Case ID: ga_124/html/0213-01.html
Source: Caselaw Access Project
Author: {"author": "EVANS, J.", "license": "Public Domain", "url": "https://static.case.law/"}
Date Created: 2024-08-24T03:29:51.129683

SMITH v. THE STATE.
    1. The charge of the court was adjusted to the facts of' the ease as presented by the evidence, in no view of which was the homicide either voluntary or involuntary manslaughter.
    2. A correct charge presenting the law as to reasonable doubt concerning the whole case is all that one accused of a criminal offense is entitled to.
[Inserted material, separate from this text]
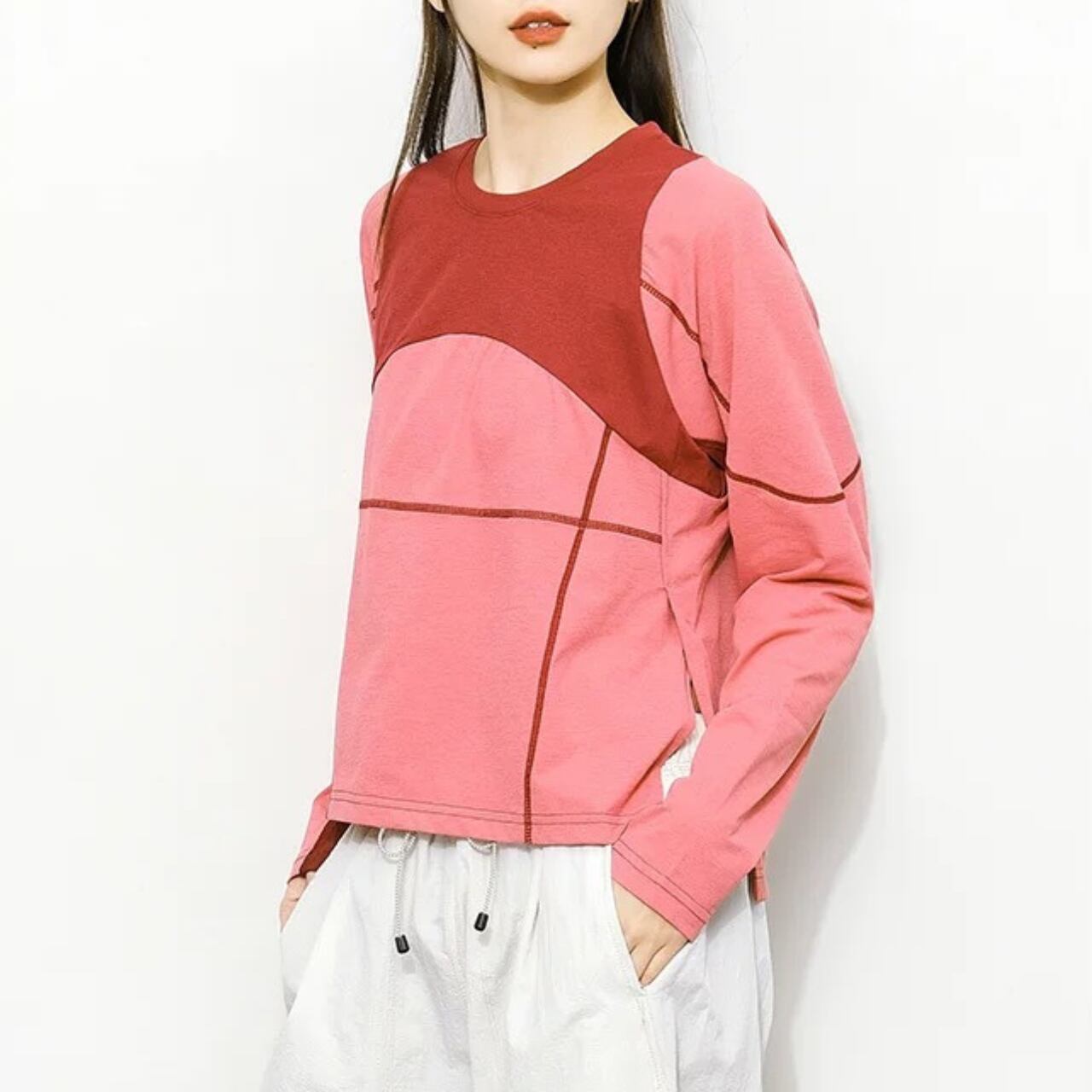 バイカラーロングスリーブトップ C00974

It is not incumbent upon the court to carve the ease or the evidence into different propositions, and apply the rule as to reasonable doubt to one or more of them severally.
    •3. There is no merit in the complaint of the accused that the court failed to correctly instruct the jury as to how they should arrive at the truth of the case as disclosed by the testimony. The court fairly and impartially presented to the jury the contentions of the respective parties, and the evidence warranted the conviction • of the accused.
    Argued October 18,
    Decided November 13, 1905.
    Indictment for murder. Before Judge Rawlings. Washington •■superior court. July 31, 1905.
    The plaintiff in error, Fed Smith, was indicted for murder, the indictment charging him with shooting one Pete Street. When the case was called for trial, the solicitor-general announced that he had ascertained that the name of the person killed was Pete Threat, and proposed to nolle pros, the indictment and draw another charging the accused with the murder of Pete Threat. Thereupon coun-isel for the accused waived the “seeming defect in the indictment on that account and agreed to go to trial waiving said detect and agreeing. that the party referred to as killed was the same party as named in the indictment.” A trial was had accordingly, the accused interposing the defense that another, and not he, had fired the shot that killed Pete Threat, who the evidence disclosed was killed while sitting in a chair in one corner of a house at which a dance was in progress. An altercation had occurred in the middle of the floor as to who should be the partner of one of - the women present, and she and several other women gathered in the corner where Threat was sitting, apparently asleep, and began .“fussing.” He took no part in the controversy. According to testimony delivered by some of the State’s witnesses, the accused, without any provoca'tion or excuse, drew his pistol and fired in the direction of the crowd gathered around Threat. One of these witnesses swore that the accused had been sitting in a window across the room, and that, without any warning, he got up from the window, leaned over and shot, saying, “I shoot you damn niggers about trying to fuss in here,” and that he started to shoot again, when his sister exclaimed, “My brother! stop him, stop him, he is ruint!” The accused had previously taken no part in the altercation, nor was his sister or any other relative involved in it. Evidence in behalf of the accused was introduced which tended to sustain his defense that he did not fire his pistol, but that another of the men in the room drew his pistol and fired the fatal shot, apparently without reason or any justification. The jury returned a verdict of guilty, and the accused excepts to the overruling of his motion for a new trial.
    
      Evans & Evans, for plaintiff in error. John 0. Hart, attorney-general, and Alfred Herrington, solicitor-general, contra.
   EVANS, J.

(After stating the facts.) In view of the evidence upon which the State relied for a conviction, the court very properly charged the jury that should they find the accused fired a pistol into a crowd of persons engaged in a difficulty in a house where a dance was going on, and the shot struck a person and killed him, notwithstanding the accused may have fired at no particular person, but fired for some reason of his own to’ stop the difficulty, recklessly and without regard to human life and with a disregard as to whom he should kill, the shooting would be an unlawful one, and he would be guilty of murder if he fired the pistol intentionally where people were fussing among themselves and not with him, though he had no intention to shoot any particular person. The complaint that this charge was not warranted by the evidence is not well founded. It presented the theory of the State, and in the same connection the court presented the contention of the accused that he was not the one who fired into the crowd. In no view of the evidence would the jury have been authorized to find that the accused was guilty of either voluntary or involuntary manslaughter; so there is no merit in the further complaint of the accused that the court did not instruct the jury as to the law bearing on the subject of manslaughter. Where, in a case such as the present, there is no circumstance connected with the killing which shows any provocation or mitigation, the law presumes malice. Penal Code, §62; Cook v. State, 93 Ga. 201.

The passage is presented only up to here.